Tuesday, July 20, 2010

Missing the Point Alert

And Also: Okay, you [Tom Vilsack] were wrong on Shirley Sherrod ... buck up, admit it, and beg her to return. Her story (see the whole video or the old couple defending her) is Obama-worthy sentimental. People make mistakes; the non-wankers make them right.


[Update: I would add that the idea this law forces us to think about touchy issues is a perspective as curious as saying smearing Shirley Sherrod -- the video by the way is truly powerful as is the old farmers' appearance on CNN -- forces us to think about racism. Victimization of others is not the only way for us to be educated, is it? .... Done. Glad it was such a "teachable moment" for you btw.]

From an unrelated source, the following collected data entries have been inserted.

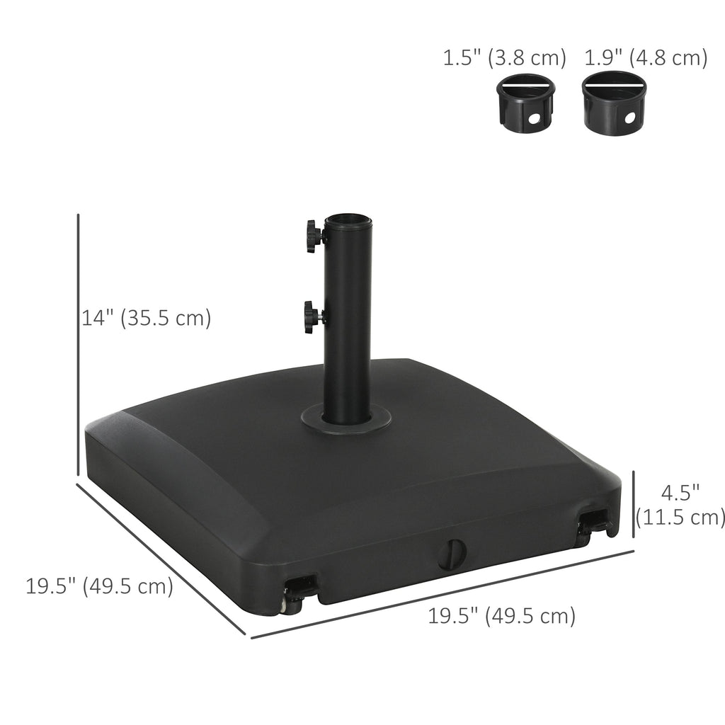 Keep your outdoor umbrella steady and secure with this durable and versatile rolling umbrella base stand. Designed to fit parasol poles with diameters of 1.5" (3.8 cm) or 1.9" (4.8 cm), it features two adjustable knobs that ensure your umbrella stays firmly in place even on breezy days. The fillable design allows for up to 53 lbs (24 kg) of weight when filled with water or 66 lbs (30 kg) with sand—ideal for stability and wind resistance. You can also use a combination of dry sand and water, thanks to the easy-access fill port located on the side, which makes both filling and cleaning a breeze. With four integrated wheels and two locking brakes, this base allows for effortless movement across your patio, garden, or deck, and stays securely positioned once in place. Built with a sturdy PE plastic base and a powder-coated metal pole, it’s crafted to endure the elements and provide long-term support. Measuring 19.5" L x 19.5" W x 14" H (49.5 x 49.5 x 35.5 cm), this umbrella base is the perfect combination of strength, stability, and convenience. Assembly required.
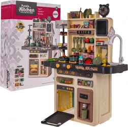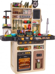 Acestă bucătărie spațioasă pentru copii transformă camera într-un mic atelier gastronomic. Copiii se vor bucura de elemente realiste precum arzătoare iluminate cu sunete de prăjire și fierbere, abur de la unul dintre arzătoare și robinet cu apă curgătoare. Deschideți cuptorul, depozitați alimentele în frigiderul cu dozator de apă, rotiți butoanele de control și aprindeți hota cu panou muzical.
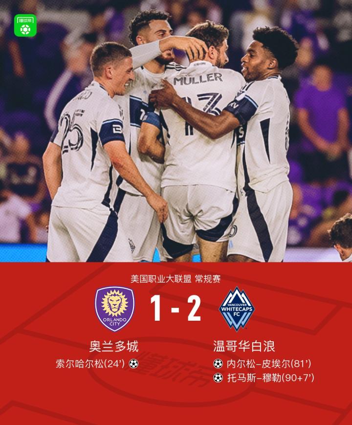 温哥华白浪2-1逆转奥兰多城,穆勒补时绝杀,皮埃尔建功
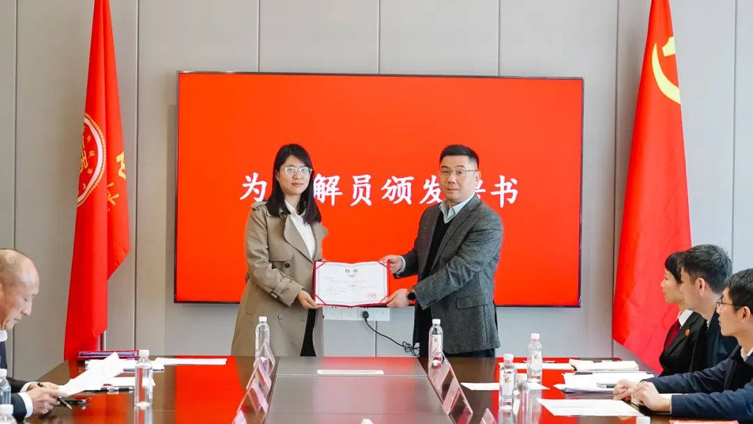 南昌市大学公证处副主任沈楚锋表态,2019年起与法院做司法辅助对接,自觉遵守调委会工作纪律和规则,配合法院工作流程,做好司法确认衔接,为商会做贡献。
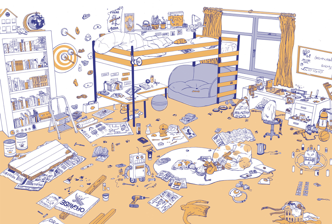 The objective of this brief was to redesign classic comic character Beryl the Peril to suit a new era and the Beano's new ethos of fun, imagination and inclusivity. Key to this is including more female characters in the current Beano lineup. In order to create strong and empowering representation, I have incorporated an independent and fighting spirit into the 'new' Beryl. Beryl readily questions the rules, breaking them, not out of spite, but due to how restrictive she finds them. Beryl's approach to rules and societal norms apply outside of herself too; at any given time she's ready to fight for others. In creating a fierce and free spirit in Beryl, my hope is that readers of all identities will learn independence and the importance of supporting one another, especially those in less favourable positions. This project includes a new design for Beryl, her room and an example of a pitched comic strip.
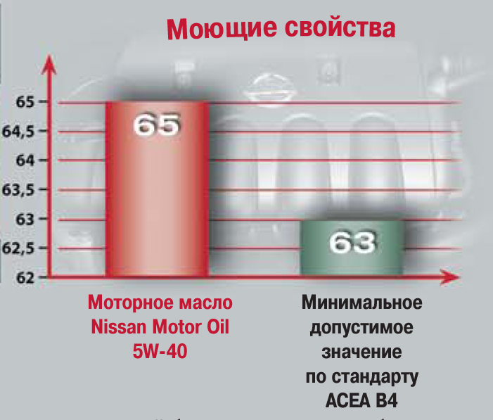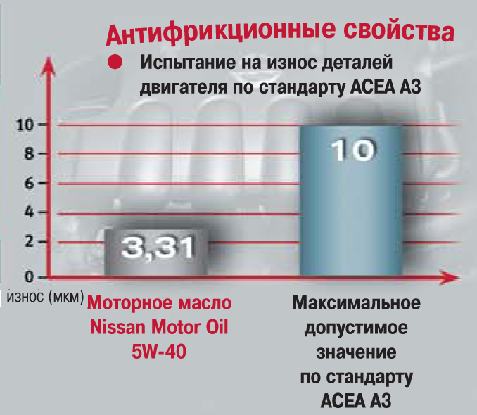 Моторное масло Nissan Motor Oil, относящееся к классу вязкости 5W-40, специально разработано, чтобы защитить двигатель Вашего автомобиля Nissan от износа. По сравнению с предельно допустимым значением, установленным стандартом ACEA A3, износ деталей уменьшается на 67%.
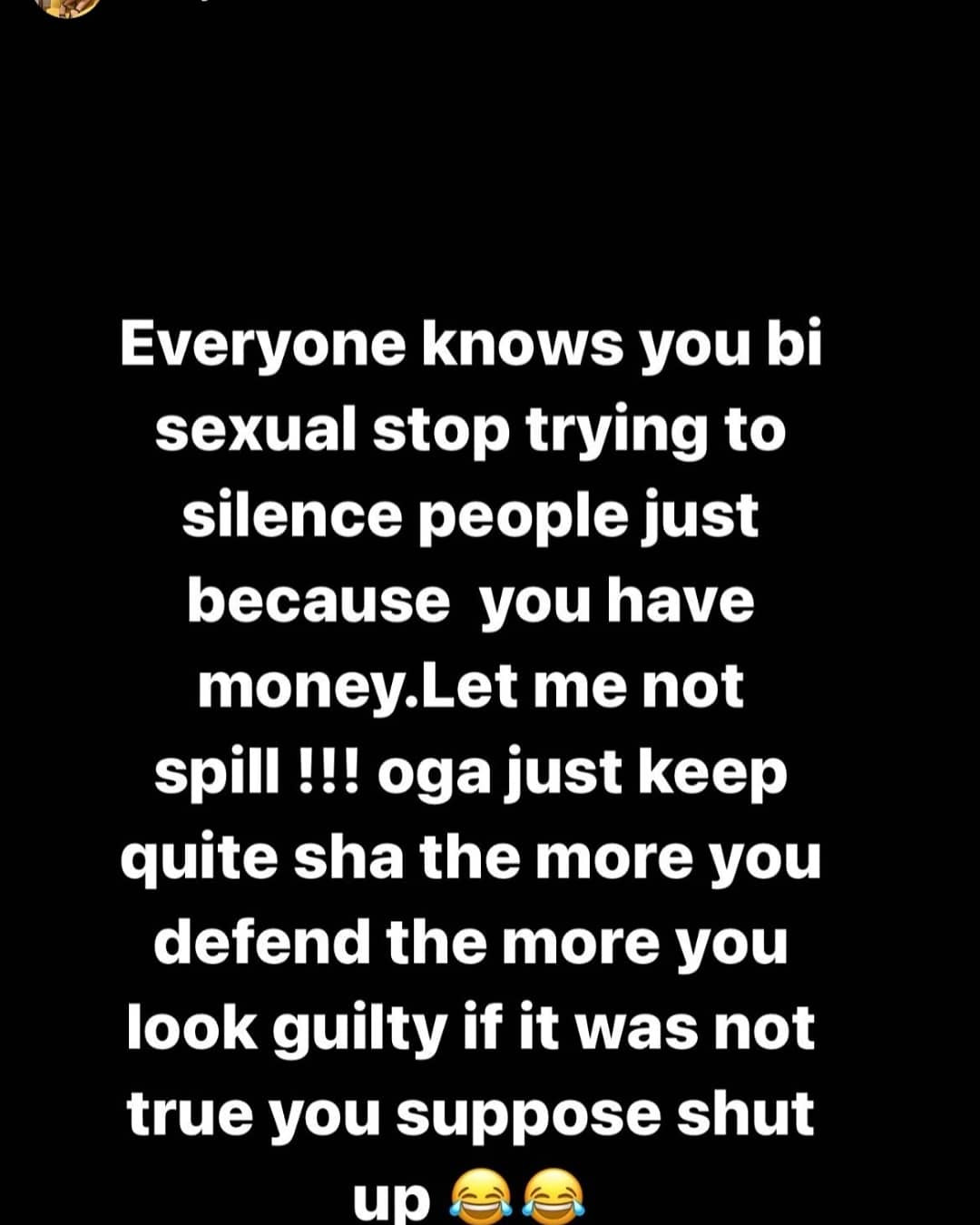 The singer added that the oga is "bisexual" and is trying to silence people because he has money.

Sherry F. Colb is not someone feminists and others might fear of not "getting it," but her recent essay "An Oklahoma Abortion Law Raises New and Different Rights Questions" raises just such red flags. The essay concerns an Oklahoma law that "prevents a patient from suing her doctor for failing to reveal the presence of a fetal abnormality." Prof. Colb argues that this is a fairly atypical abortion restriction, since such laws "generally make it more difficult for a pregnant woman who wants an abortion to get one in the time, place, and manner of her choosing." In particular:
In other words, the actual Oklahoma law -- and the hypothetical law that bans outright the disclosure of fetal abnormalities -- do not have the effect of pressuring or forcing a pregnant woman to continue a pregnancy against her will. What these laws do, instead, is to limit the options of women who want to remain pregnant, but only on the condition that their babies will be born normal.

This is a very curious way of looking at it in my eyes. A woman who thinks about having an abortion desires to be informed of all relevant information necessary to determine if the right is best for her. If important information -- such as perhaps the child is not her husband's -- is kept from her, she is in effect a victim of a fraud. It is essential in any number of cases to know all the details. Yes, she is not "forced" to do anything here -- she is potentially tricked into it! This is fundamentally wrong.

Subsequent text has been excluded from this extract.